Information supplied Block Start

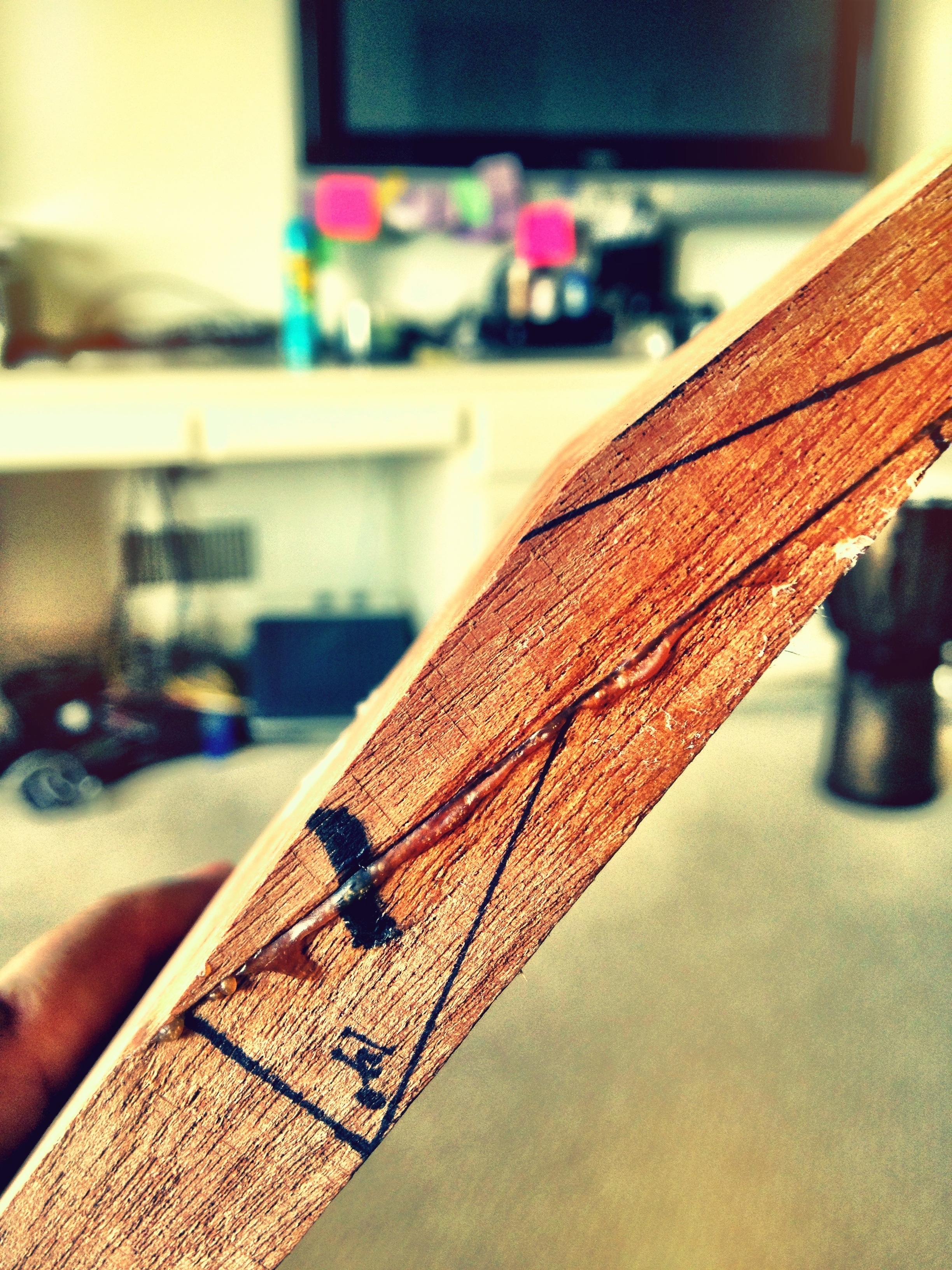 Yup. Scarf joint was a success. There was an ample amount of glue squeeze out from each area, and with 600lbs of pressure for over 24 hrs should have left the joint stronger than the wood itself! Now time to glue the ears on the headstock and take it to JD Cabinets for some jointing to make sure the fretboard surface is perfectly level. If they can I might just have them cut the neck shape and the body shape as well. Fingers crossed.
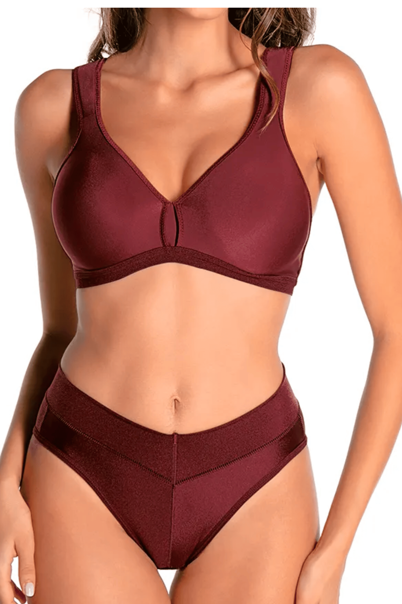 Seu design conta com taças duplas, sem espuma e sem aro, garantindo uma modelagem natural dos seios com total liberdade de movimentos. O busto anatômico acomoda os seios na medida ideal, proporcionando segurança e bem-estar ao longo do dia.
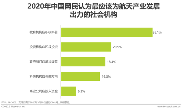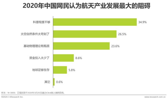 所以42.9%的网民都认为目前航天产业发展的动力源自于国际间的竞争,也就是说在民众心中,尽管航天充满了魅力,但和老百姓毫无关系。同时,34.9%的被访者认为,科普程度不够是当下航天产业发展的最大阻力。动力与阻力之间的断层已经到了不得不解决的节点。
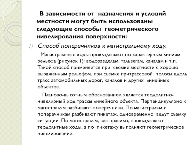 Слайд 5Рисунок 1 – Способ поперечников к магистральному ходу
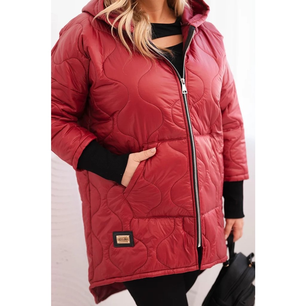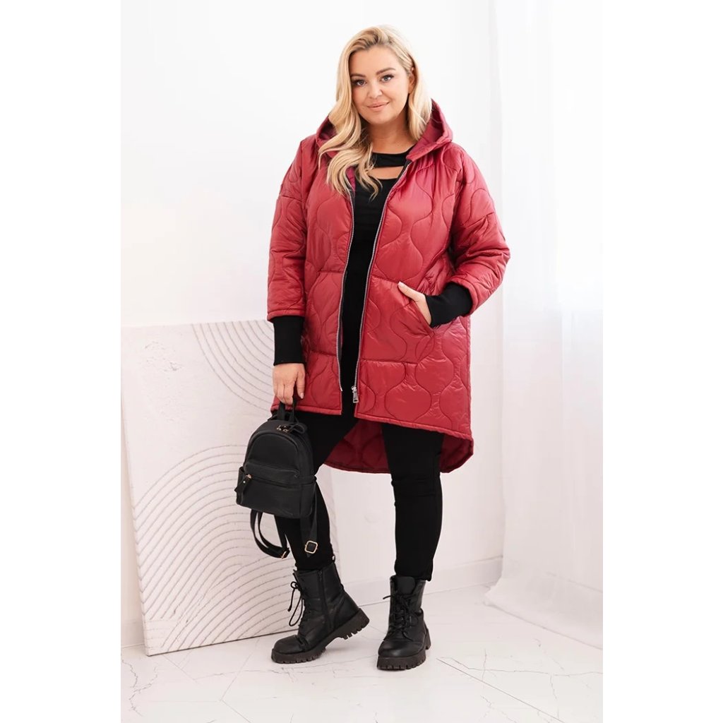 Dámska zimná bunda Plus Size prešívaná s kapucňou bordová
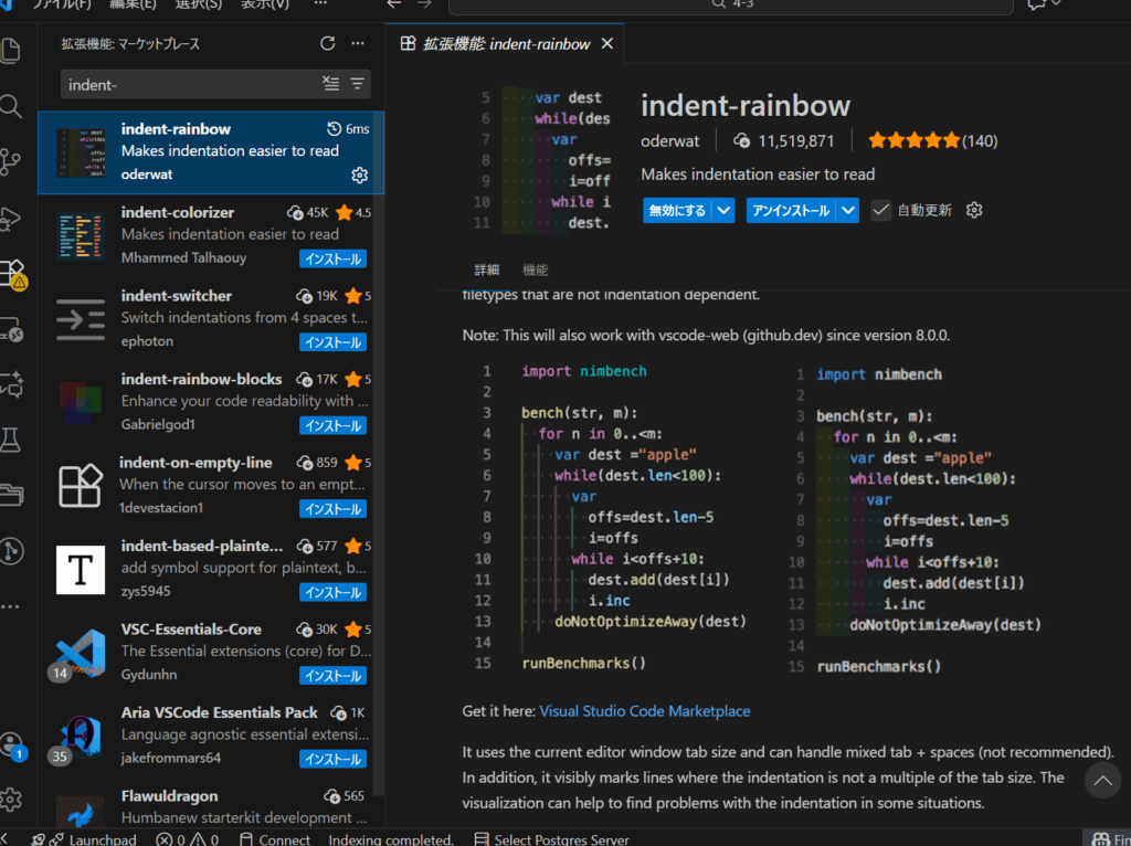 すると検索欄が出るので、「indent-rainbow」と入力してインストールしましょう。
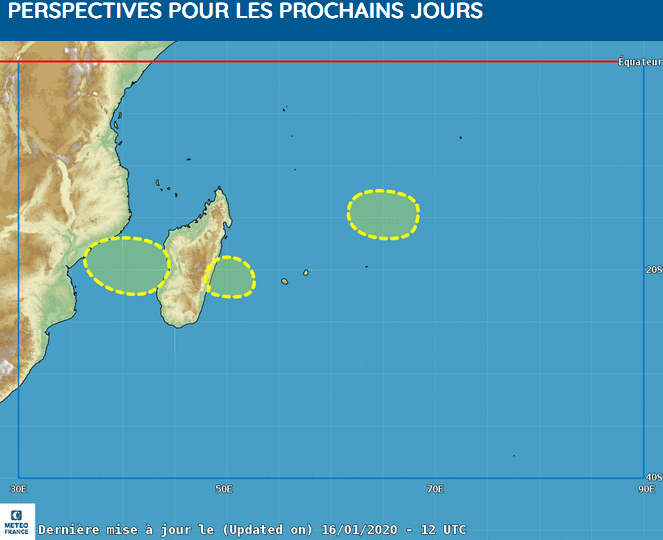 Pour les 5 prochains jours, le risque de formation d'une tempête tropicale modérée sur le Sud du Canal du Mozambique ainsi que le long de la cote Est malgache est faible jusqu'à dimanche et devient faible à modéré en début de semaine prochaine."
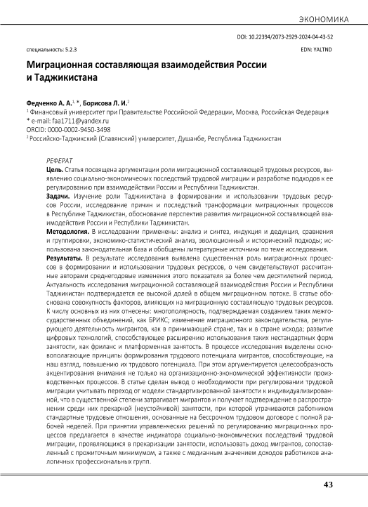 Федченко, А.А. Миграционная составляющая взаимодействия России и Таджикистана / А.А. Федченко, Л.И. Борисова // Евразийская интеграция: экономика, право, политика. – 2024. – № 4. — С. 43-52. — Только в электронном виде. — <URL:http://elib.fa.ru/art2024/bv3628.pdf>.
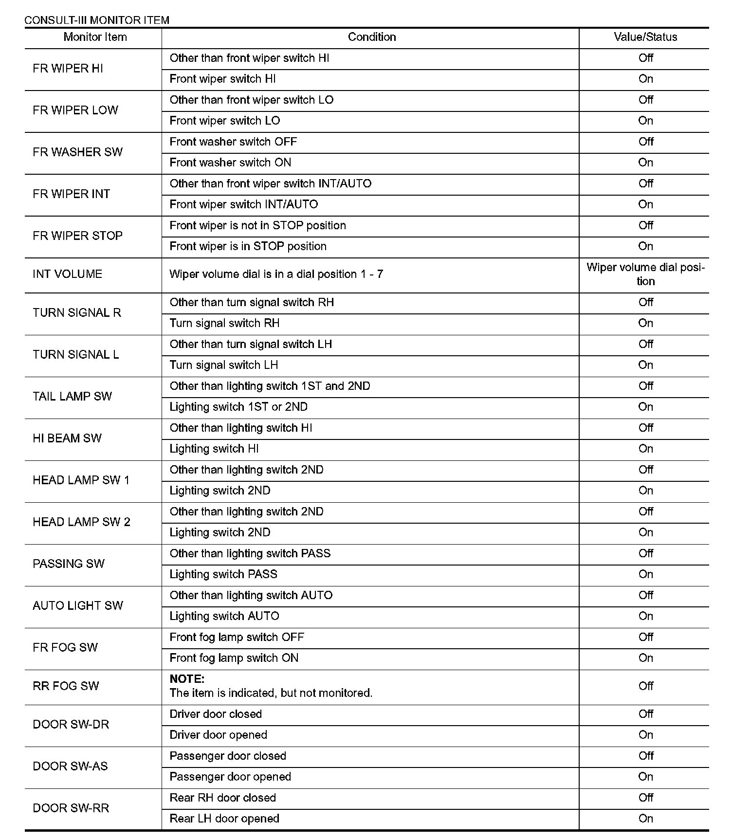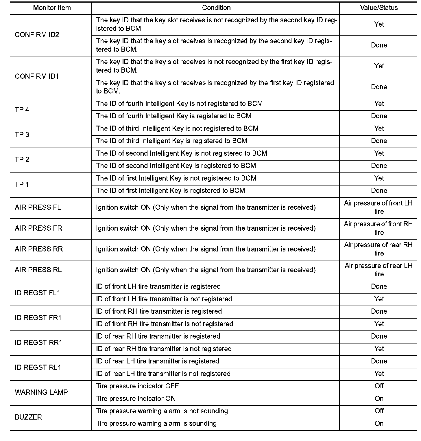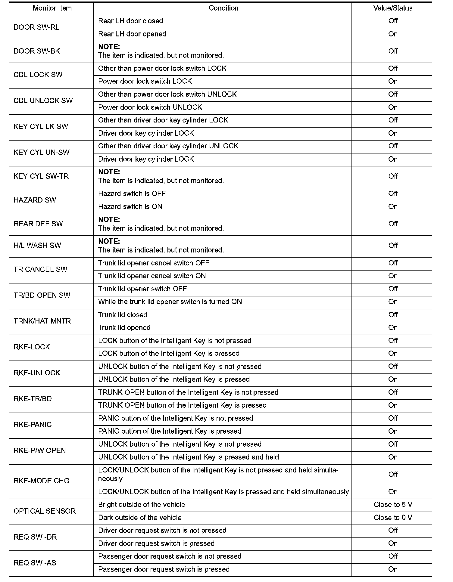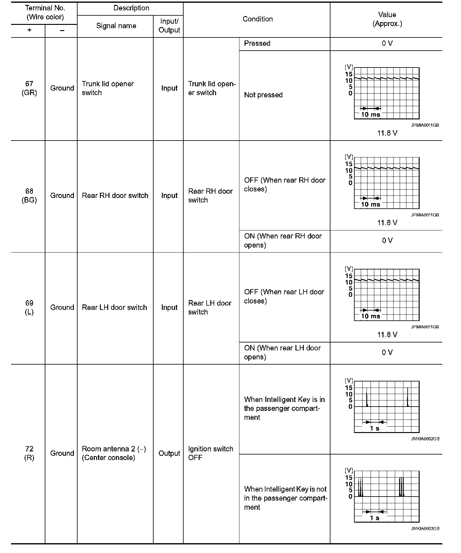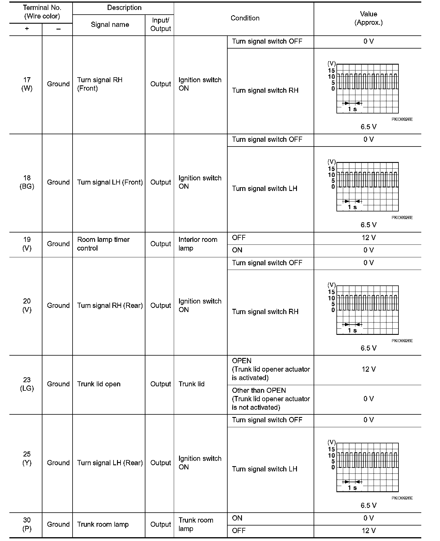 Pinout Values and Diagnostic Parameters
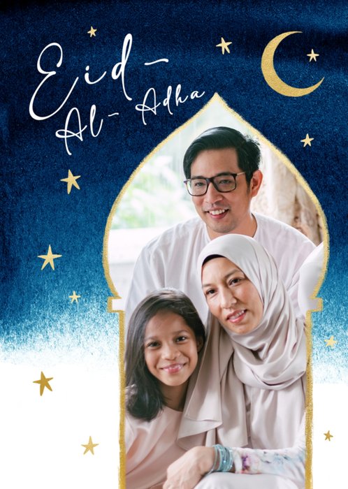 A festive Photo Upload Eid card featuring a hand-painted background that is adorned with a beautiful blend of dark and light blue hues, giving it an ethereal and serene ambience. There is one photo upload area inside a gold-trimmed, arch frame in the shape of an outlined mosque. The main text is script lettering and complemented by decorative elements like stars and a crescent moon that add to the festive atmosphere. The image conveys a sense of joy, gratitude, and faith.
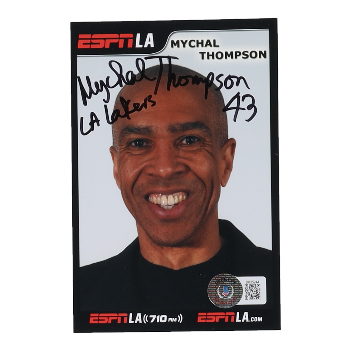 Photo measures approximately 4" x 6" in size and has been hand-signed and inscribed by Mychal Thompson (Los Angeles Lakers).
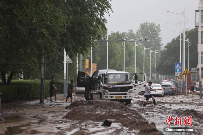 8月1日,北京市門頭溝區(qū)橋東街,救援車輛拉走受損汽車。 中新社記者 盛佳鵬 攝
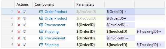 Silk Central mappe automatiquement le paramètre de sortie OrderID du premier composant métier sur les paramètres d'entrée OrderID des composants métier suivants, étant donné que les paramètres portent le même nom.
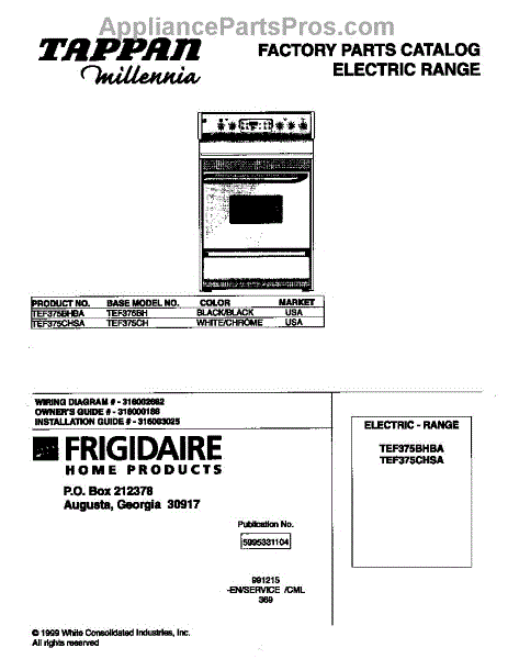 Parts for Frigidaire TEF375BHBA: 01 - Cover Parts
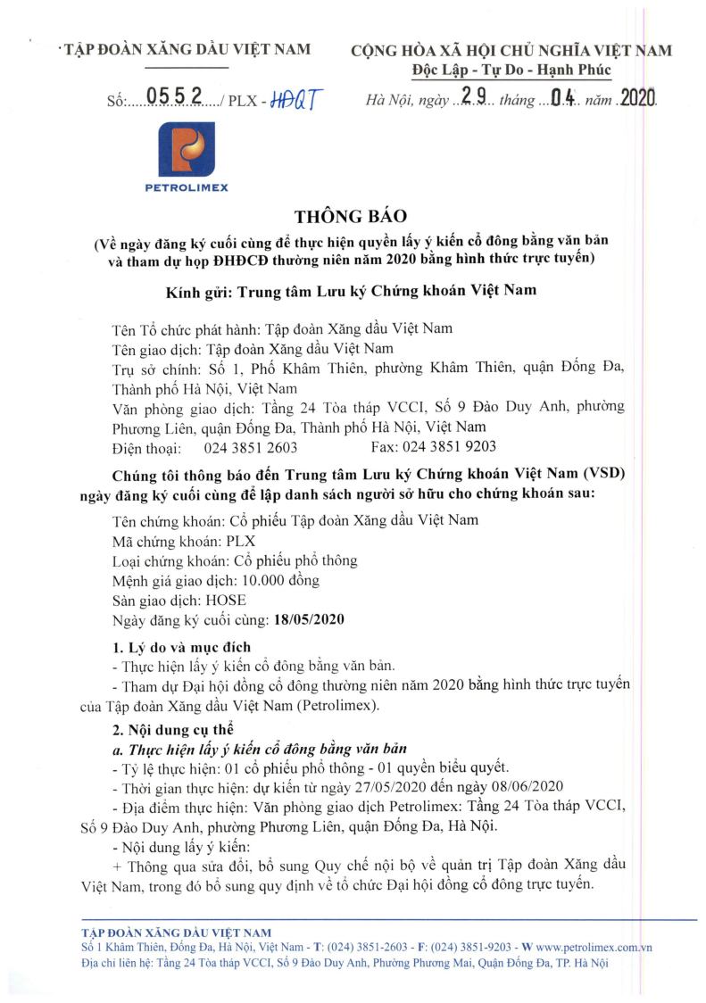 Thông báo về ngày đăng ký cuối cùng để thực hiện quyền lấy ý kiến cổ đông bằng văn bản và tham dự họp ĐHĐCĐ thường niên 2020 bằng hình thức trực tuyến
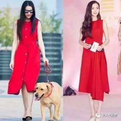 红色的长裙,迪丽热巴搭配黑色的尖头高跟鞋,中分直长发,墨镜遮面,很优雅,也很迷人!baby搭配裸色的厚底高跟鞋,侧分大波浪卷发,优雅大气,很吸引人!美艳程度不分上下。
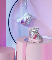 Veterschoenen met holografisch effect en roze elementen zijn een hit in de poppenmode.
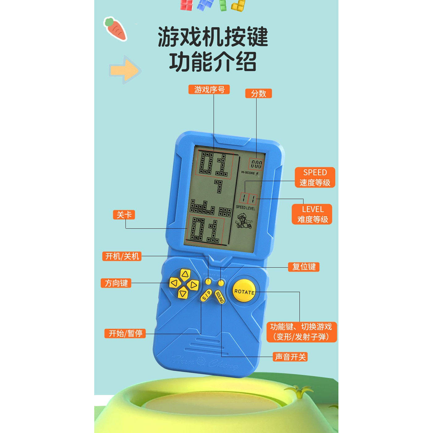 新款5寸俄罗斯方块游游机可充电大屏幕开发智力益智复古怀旧礼物
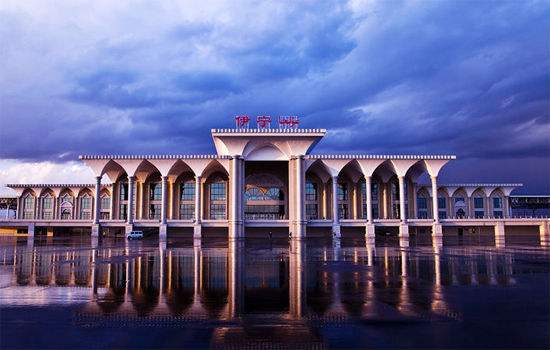 火車位于伊寧市西北,距市中心6千米。占地面積280公頃,其中站房建筑面積1.2萬平方米,站前廣場2萬平方米。由貨場、站房、綜合維修中心、機(jī)務(wù)段、客車技術(shù)整備所、站修所等部分組成;預(yù)留集裝箱貨場、站場,設(shè)8條股道,4條貨場裝車線。旅客吞吐量1500人/天,屬中型鐵路旅客車站。
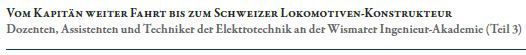 Es geht um... Weitere Dozenten, Assistenten und Techniker der Elektrotechnik an der Wismarer Ingenieur-Akademie und handelt "Vom Kapitän weiter Fahrt bis zum Schweizer Lokomotiven-Konstrukteur".
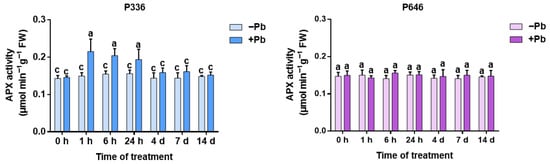 Effects of Pb on APX activity in two lead tolerant genotypes of S. integra. Two Salix integra clones (P336 and P646) were exposed to 300 μM Pb(NO3)2 for different durations (1 h, 6 h, 1 d, 4 d, 7 d, and 14 d), after which roots were collected to measure APX activity. Each treatment included three independent biological replicates, and error bars represent standard deviations (SD). Distinct letters represent statistically significant differences as determined by two-way ANOVA followed by Tukey’s multiple comparisons test (p < 0.05).
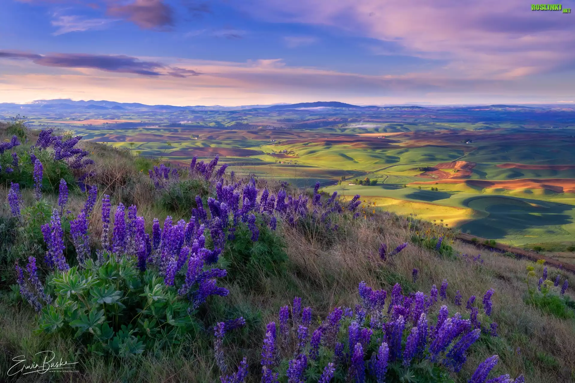 Stany Zjednoczone, Waszyngton, Park stanowy Steptoe Butte, Wzgórza, Palouse, Kwiaty, Łubin, Trawa, Dolina, Pola, Łąki, Wschód słońca |

Information supplied Block End

Task goal: Output only the lines running from the one containing "Effects of Pb" to the end of the records, inclusive and exact; skip the pictures.

Response area:
 Effects of Pb on APX activity in two lead tolerant genotypes of S. integra. Two Salix integra clones (P336 and P646) were exposed to 300 μM Pb(NO3)2 for different durations (1 h, 6 h, 1 d, 4 d, 7 d, and 14 d), after which roots were collected to measure APX activity. Each treatment included three independent biological replicates, and error bars represent standard deviations (SD). Distinct letters represent statistically significant differences as determined by two-way ANOVA followed by Tukey’s multiple comparisons test (p < 0.05).
 Stany Zjednoczone, Waszyngton, Park stanowy Steptoe Butte, Wzgórza, Palouse, Kwiaty, Łubin, Trawa, Dolina, Pola, Łąki, Wschód słońca |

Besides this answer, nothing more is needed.